Today, the quality of farm venison is rapidly gaining for itself a reputation on the best restaurant tables and interestingly enough much of it is slaughtered at Elmhirst's abattoir at Barnsley. There is plenty of grazing surrounding the abattoir where the stock can recover from the stress of travel.

Carcasses are graded on the same basis as cattle, using the EUROP grid and payment is based upon quality.

Most of the meat is sold to supermarkets through a packing plant in North Yorkshire, although there is still some local trade to pubs and restaurants.

To those like myself who are ignorant of the economics of venison, finished red deer are worth around £3/kilo deadweight, sometimes with a 50p premium for local sales.

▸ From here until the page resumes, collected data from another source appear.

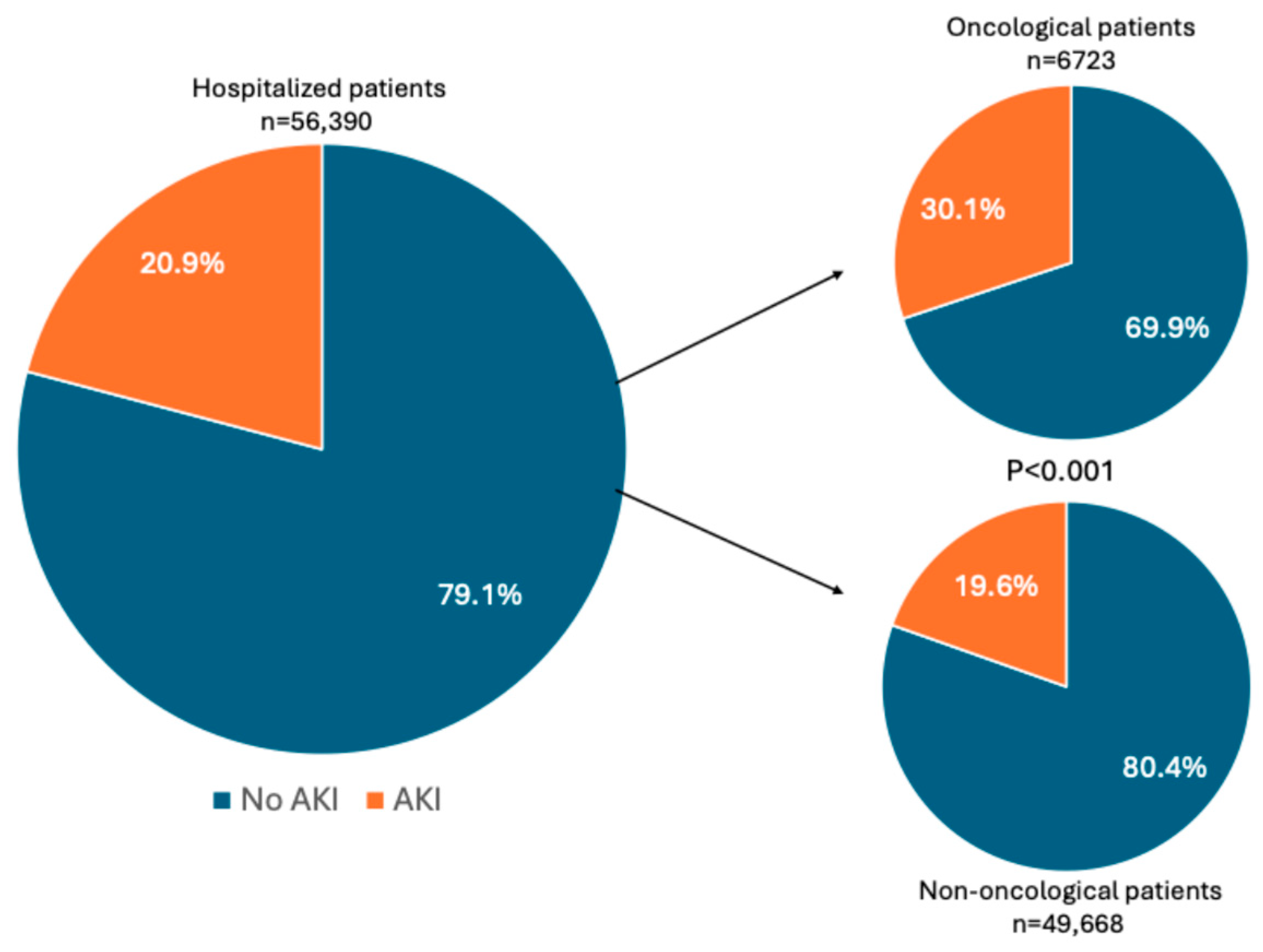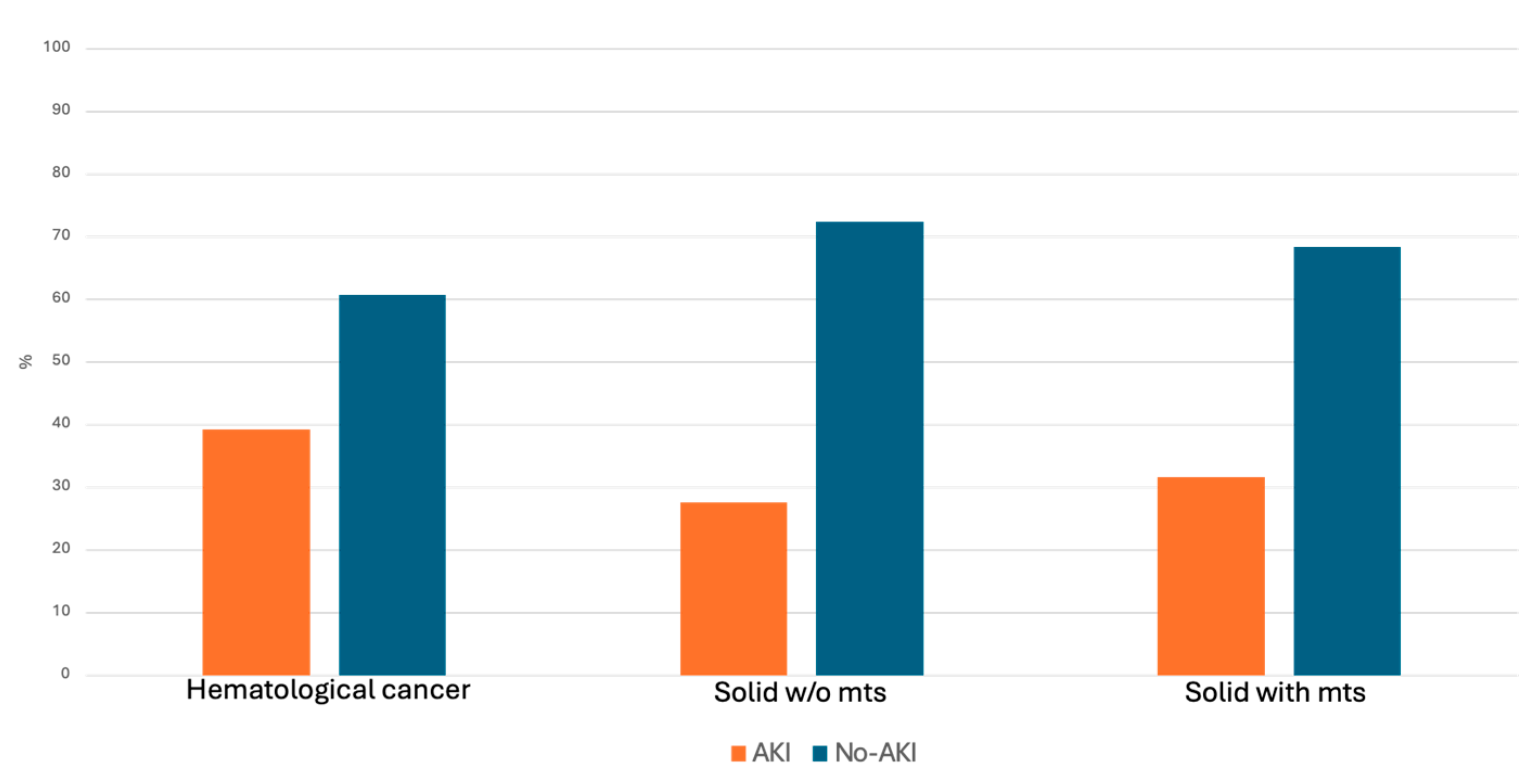 In conclusion, AKI epidemiology and prognosis vary substantially not only between oncologic and non-oncologic patients but also across different malignancy types. Each cancer category exhibits a distinct pattern of AKI risk factors and outcomes. Analyses limited to patient-related factors alone may not fully capture the complexity of AKI in cancer, underscoring the need for future studies that integrate disease burden, treatment-related toxicity, and dynamic clinical parameters.
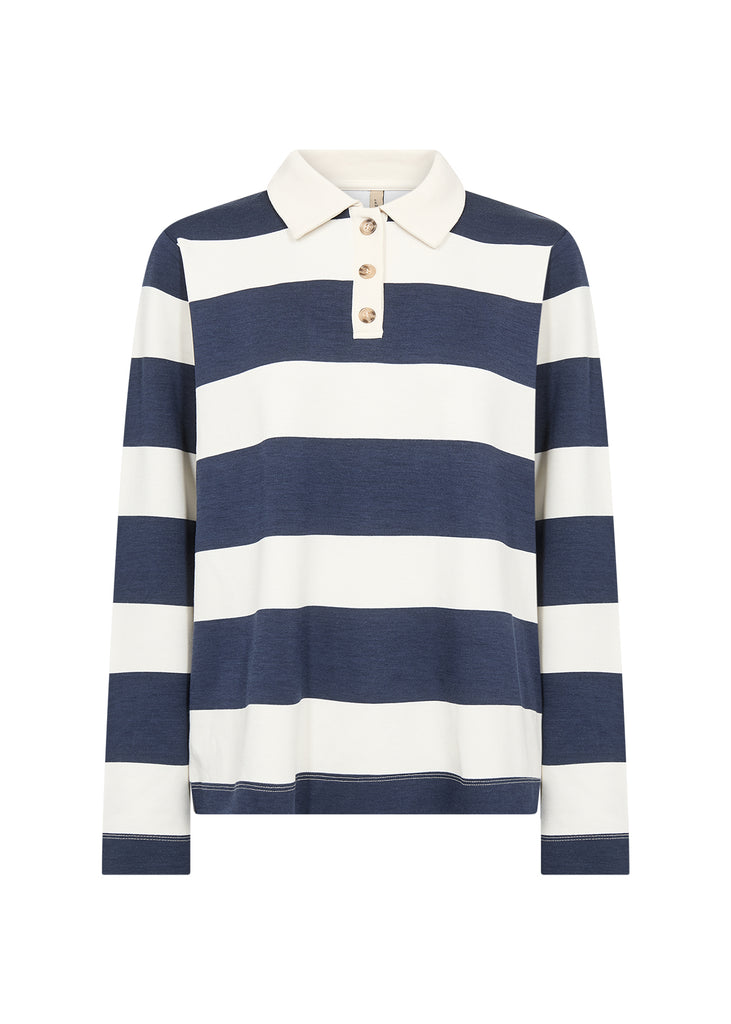 SOYACONCEPT Striped Long Sleeve Polo Top in Navy
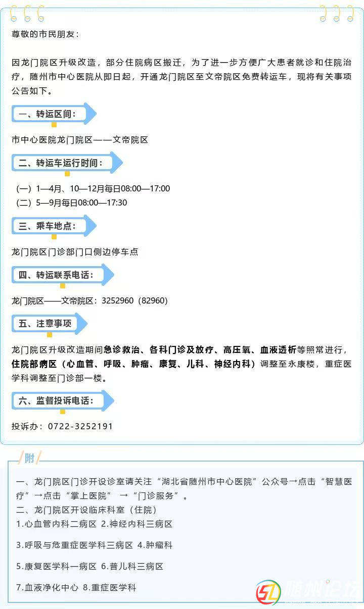 關(guān)于隨州市中心醫(yī)院龍門院區(qū)——文帝院區(qū)開通免費轉(zhuǎn)運車的公告
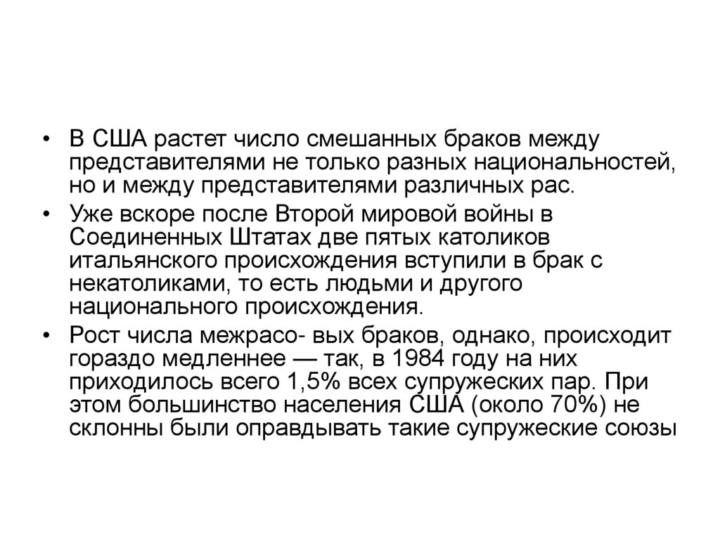 • В США растет число смешанных браков междупредставителями не только разных национальностей,

The biggest expense is new fencing, which needs to be over 6ft high in order to keep the herd within range.

It could be an interesting diversification to consider.

Pigs are one of the casualties at Malton in the aftermarth of FMD and we no longer sell them in the market.

However, at York, we have managed to continue with the condition, even if numbers are but a shadow of their former bulk and on Monday it was the Christmas show, where 335 turned up to trot out for the prizes.

The winner of the championship was Len Otterburn, from Tollerton, whose cutter pigs went on to make a 152p a kilo, all being bought by a local West Riding butcher, Aidan Roberts.

Len also took the lightweight pork class with a pen that made 130p a kilo. For those so interested in having a few pigs to sell on the spot market, trade overall was pretty healthy and we had an average of around 95p per kilo through the market.

Forward were 152 cattle, including 30 cows and 39 bulls, 462 sheep including 108 ewes.

Light steers to 110p (J A B Barker, Snainton), average 104.8p. Medium steers to 100p (J B and K Lunn, Wilton ), average 95.6p. Medium bulls to 118p (P M Allen , Great Barugh), average 99.4p. Heavy bulls to 114p (P and I Beal, Settrington), average 97.5p. Black and white bulls to 89p (P M Allen, Great Barugh), average 83.2p. Light heifers to 135p (G I Marwood, Harome), average 104.3p. Heavy heifers to 143p (G I Marwood, Harome), average 109.3p. Standard lambs to 110p (A Gofton, East Heslerton), average 108.1p. Medium lambs to 121.4p (A M Avison, Black Bull), average 114.3p. Heavy lambs to 113.8p (N and J Helliwell, Great Edstone), average 108.4p. Overweight lambs to 103.7p (E W Stead, Lockton), average 101p. Ewes to £67 (Ian Davison, Lebberston ), average £44.60.

Finally a special thanks to all those who donated to the charity box at the Christmas fatstock show. £161 was raised and donated to the Macmillan Cancer Trust.